Echte Kursive repräsentieren Markenwerte
Ein Alleinstellungsmerkmal stellen die echten Kursiven dar. Die sind in solch prägnanter Form rar im Genre der Neo-Grotesks. Üblicherweise geben sich Typedesignerinnen und -designer hier mit Obliques zufrieden, lediglich schräggestellten und nicht eigens entworfenen Italics. Ihr Vorteil: Viele gebräuchliche Markenwerte können durch dieses beinahe organische Design vermittelt werden, z.B. optimistisch, menschlich, lebendig, transparent, freundlich, unverwechselbar, kreativ, harmonisch oder elegant. Auch der Neigungswinkel unterstützt das Vertrauen in die Marke, da er dem der bekannten Klassiker Helvetica®, Univers® oder Akzidenz Grotesk® entspricht (12°).
Ebenso verdienen die Variable-Fonts Beachtung, die zwischen den Strichstärken und drei optischen Größen oszillieren. Je einen aufrechten und kursiven Variable-Font gibt es inklusive im Superfamily-Paket, ohne Extra-Kosten. Anwendern und Anwenderinnen mit politisch korrektem Anspruch wird außerdem das via OpenType-Stylistic-Set aktivierbare Gendersternchen gefallen, welches sich harmonischer als der übliche Asterisk ins Schriftbild einfügt.

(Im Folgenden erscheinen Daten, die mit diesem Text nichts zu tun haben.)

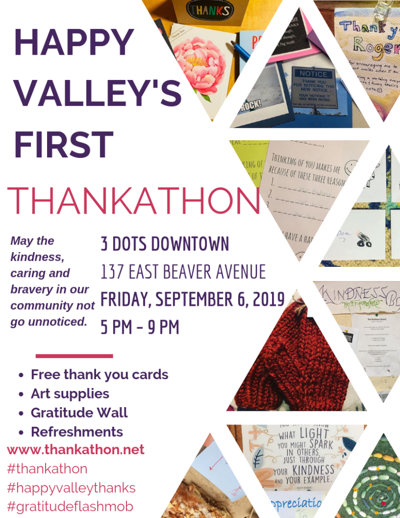 Happy Valley’s first Thankathon has a mission to ensure that the kindness, caring actions, and bravery that happens in our community does not go unnoticed. Do you have a great neighbor that helped you when you crashed your bike, a teacher that made a positive difference, a co-worker that always has helpful advice – participate in the Thankathon and let them know! At the Thankathon, there will be free thank you cards, a ton of art supplies to use to craft your own, and a PostSecret-style wall of thanks. Come by to brighten people’s day with thank you cards, help us meet our goal of 1,000 thank you’s in our community, and learn about who and what is making a positive difference in our community from the Gratitude Wall.

Case 2.0: Verdoppelung der Designoptionen und Komplettierung des europäischen Sprachsupports
Mit dem üppigen Update im Frühjahr 2023 hat sich die Zahl der Einzelschnitte im Vergleich zur ersten Version von 32 auf 72 mehr als verdoppelt. Das seit ihrem Release im Oktober 2020 eingegangene Kunden-Feedback bewog uns dazu, insbesondere die Text- und Micro- an den Umfang der Kernfamilie und die x-Höhe der Case Text an die der normalen Case anzugleichen.
Die Harmonisierung umfasst obendrein feiner abgestufte Zwischengewichte (neu: SemiLight, SemiBold, ExtraBold), das neu gezeichnete ExtraBlack-Extrem sowie dezente Anpassungen bestehender Strichstärken. Die Spannbreite von einer dünnstmöglichen Hairline (2 Einheiten!) zu jener kompromisslosen Fetten setzt neue kreative Kräfte frei, nicht zuletzt mithilfe der alles umfassenden Variable-Fonts.
Darüber hinaus wurde auch der Zeichenumfang verdoppelt. Hinter diesem enormen Zuwachs stecken der nun verfügbare kyrillische, griechische und vietnamesische Sprachsupport, die Unterstützung lateinischer Sprachen Afrikas sowie das neue UniCASE-Feature.
Wenngleich die Idee zur Kombination von Groß- und Kleinbuchstabenformen mit gleicher Buchstabenhöhe und ohne Ober- und Unterlängen zunächst als Spaß aus der sich aufdrängenden Wortspielerei heraus entstand, blühte das Design- und Engineeringteam schnell beim Gestalten und das Marketingteam später beim Anwenden dieser typografischen Besonderheit auf. Um die Großfamilie überschaubar zu halten, wurde diese Designoption als OpenType-Feature integriert (Stylistic Set 2).
Die Fülle der weitreichenden Überarbeitungen und Erweiterungen ergeben eine neue, nicht rückwärts kompatible Version der Schrift, die selbstbewusst mit den stetig wachsenden Anforderungen komplexer Branding-Projekte Schritt halten kann. Damit beweist sie für das Genre eine außergewöhnliche Vielseitigkeit. Sollte die noch immer nicht genügen – kein Problem, aufgrund des klaren, neutralen Designs bietet die Case die perfekte Grundlage für individuelle Anpassungen.
(Helvetica und Univers sind eingetragene Warenzeichen von Monotype. Akzidenz-Grotesk ist ein eingetragenes Warenzeichen von Berthold Types Limited. Sofern nicht anders angegeben unterliegen die verwendeten Fotos den Lizenzbestimmungen von Unsplash.)